==== Given records ====

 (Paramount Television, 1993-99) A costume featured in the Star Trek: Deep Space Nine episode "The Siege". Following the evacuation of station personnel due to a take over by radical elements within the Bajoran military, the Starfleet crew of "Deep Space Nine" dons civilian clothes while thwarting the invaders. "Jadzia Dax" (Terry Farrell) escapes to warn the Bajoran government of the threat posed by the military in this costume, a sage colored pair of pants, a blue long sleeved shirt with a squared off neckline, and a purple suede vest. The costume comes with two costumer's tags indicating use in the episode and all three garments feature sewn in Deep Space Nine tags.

====
==== Given records ====

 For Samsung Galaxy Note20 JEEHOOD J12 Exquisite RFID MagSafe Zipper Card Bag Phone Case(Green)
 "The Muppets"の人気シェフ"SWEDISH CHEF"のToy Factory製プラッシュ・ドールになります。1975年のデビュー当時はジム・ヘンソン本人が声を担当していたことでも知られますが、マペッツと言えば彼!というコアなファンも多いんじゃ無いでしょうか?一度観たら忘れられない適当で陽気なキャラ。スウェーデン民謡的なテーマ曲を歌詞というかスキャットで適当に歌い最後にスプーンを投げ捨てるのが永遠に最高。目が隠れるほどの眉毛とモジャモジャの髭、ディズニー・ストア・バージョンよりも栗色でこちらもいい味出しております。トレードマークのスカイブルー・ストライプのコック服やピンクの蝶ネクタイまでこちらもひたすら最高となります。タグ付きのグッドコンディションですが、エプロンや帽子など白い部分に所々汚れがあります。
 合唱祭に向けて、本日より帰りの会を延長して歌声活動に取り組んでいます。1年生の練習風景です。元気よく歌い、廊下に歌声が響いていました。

====
==== Given records ====

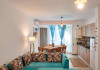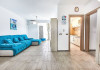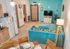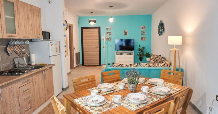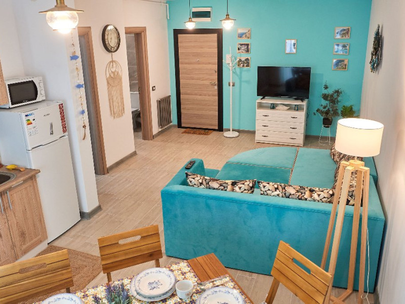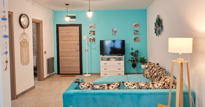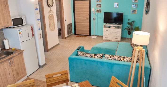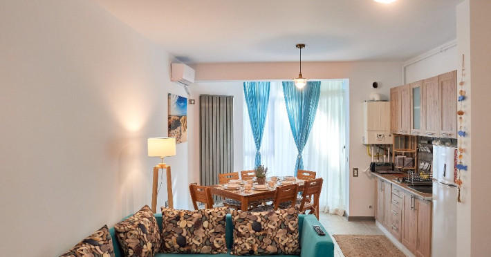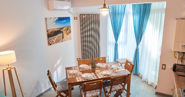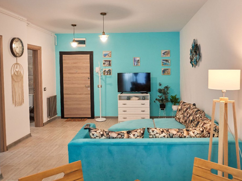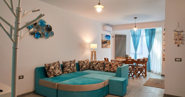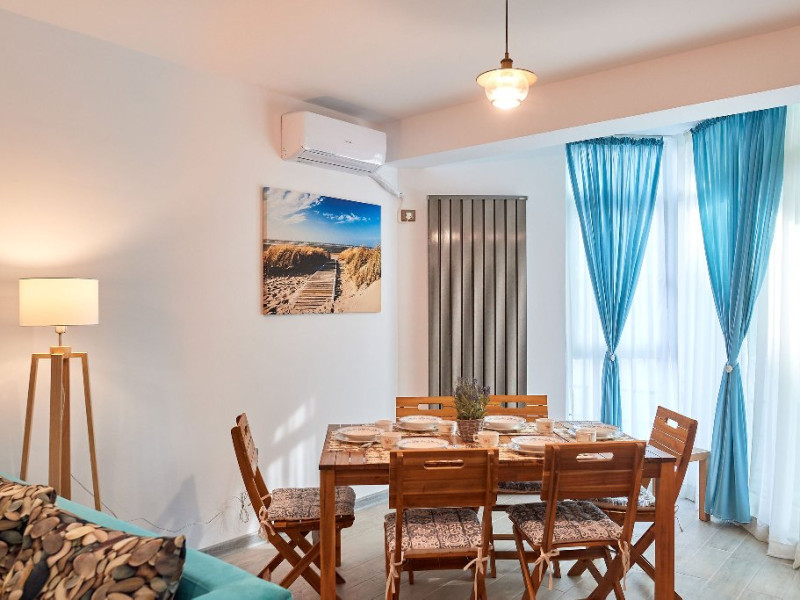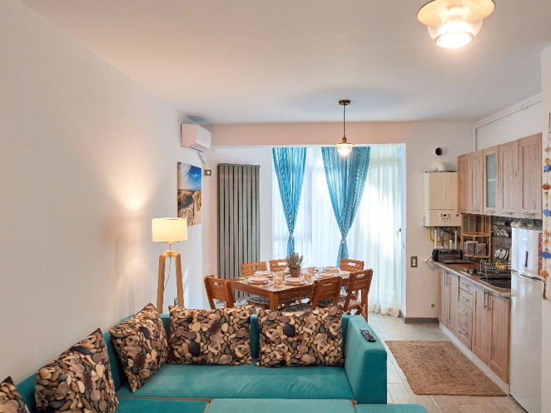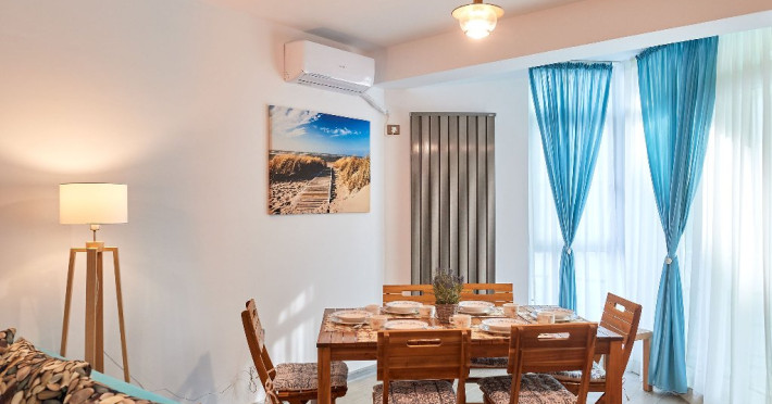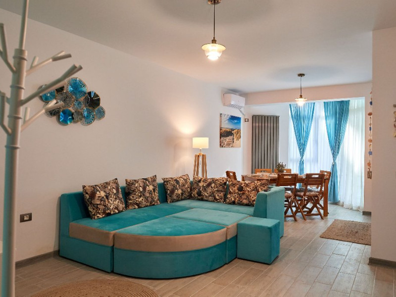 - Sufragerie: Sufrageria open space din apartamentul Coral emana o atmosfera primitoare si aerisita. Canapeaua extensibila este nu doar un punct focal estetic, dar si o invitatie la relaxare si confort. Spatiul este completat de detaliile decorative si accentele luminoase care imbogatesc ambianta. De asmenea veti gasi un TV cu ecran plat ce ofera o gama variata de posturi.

====

* _Your objective_
Could you retype exactly the lines above, starting at the line that contains "For Samsung Galaxy" and ending at the line that contains "合唱祭に向けて、本日より帰り", and nothing more?

* _Result_
 For Samsung Galaxy Note20 JEEHOOD J12 Exquisite RFID MagSafe Zipper Card Bag Phone Case(Green)
 "The Muppets"の人気シェフ"SWEDISH CHEF"のToy Factory製プラッシュ・ドールになります。1975年のデビュー当時はジム・ヘンソン本人が声を担当していたことでも知られますが、マペッツと言えば彼!というコアなファンも多いんじゃ無いでしょうか?一度観たら忘れられない適当で陽気なキャラ。スウェーデン民謡的なテーマ曲を歌詞というかスキャットで適当に歌い最後にスプーンを投げ捨てるのが永遠に最高。目が隠れるほどの眉毛とモジャモジャの髭、ディズニー・ストア・バージョンよりも栗色でこちらもいい味出しております。トレードマークのスカイブルー・ストライプのコック服やピンクの蝶ネクタイまでこちらもひたすら最高となります。タグ付きのグッドコンディションですが、エプロンや帽子など白い部分に所々汚れがあります。
 合唱祭に向けて、本日より帰りの会を延長して歌声活動に取り組んでいます。1年生の練習風景です。元気よく歌い、廊下に歌声が響いていました。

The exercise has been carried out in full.